Answer: the standard change in Gibbs free energy of the reaction at 25 ∘C is 6.24 kJ/mol.
Explanation: One can employ the equation in order to calculate the standard Gibbs free energy change (ΔG°) for the reaction at a temperature of 25 degrees Celsius.
The standard free energy change, ΔG°, can be expressed as the negative product of the universal gas constant (R), temperature (T) and the natural logarithm of the equilibrium constant (K).
The equilibrium constant is denoted by K and the gas constant R has a value of 8.314 J/mol·K, while T stands for temperature in Kelvin, which is equivalent to 298 K for 25 ∘C.
K can be determined by utilizing the partial pressures at equilibrium.
K equals the square of the product of PC and the cube of PD divided by the cube of PA multiplied by the fourth power of PB.

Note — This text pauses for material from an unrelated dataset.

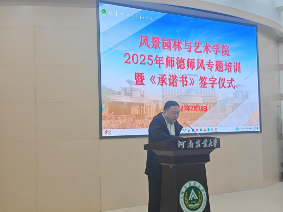 在庄重的签字仪式环节中,院党委书记侯永华带领领导班子成员、各系主任及全体教师庄严签署《裸体直播 师德承诺书》。承诺书包含“坚定政治方向”、“自觉爱国守法”、“潜心教书育人”、“遵守学术规范”等十项核心条款。通过师德师风专题培训,进一步强化教师的职业荣誉感与责任感,引导全体教师以更高的标准要求自己,为学生成长成才保驾护航。

After replacing the provided values, the result obtained is:
The value of K is obtained by raising 4.36 atm to the power of 2, and 4.70 atm to the power of 3, and then dividing that by the product of 4.62 atm to the power of 3 and 4.36 atm to the power of 4.
The numeric value of K is 0.0786.
We can now compute the value of ΔG° by using the available data.
The change in Gibbs energy under standard conditions is equal to the negative product of gas constant, temperature and natural logarithm of equilibrium constant.
The standard Gibbs free energy change is determined by multiplying the constant of gas by the temperature and natural logarithm of the equilibrium constant.
The value of ΔG° can be expressed as - (8.314 J/mol·K) multiplied by 298 K and -2.547.
The standard free energy change is either 6,237 joules per mole or 6.24 kilojoules per mole.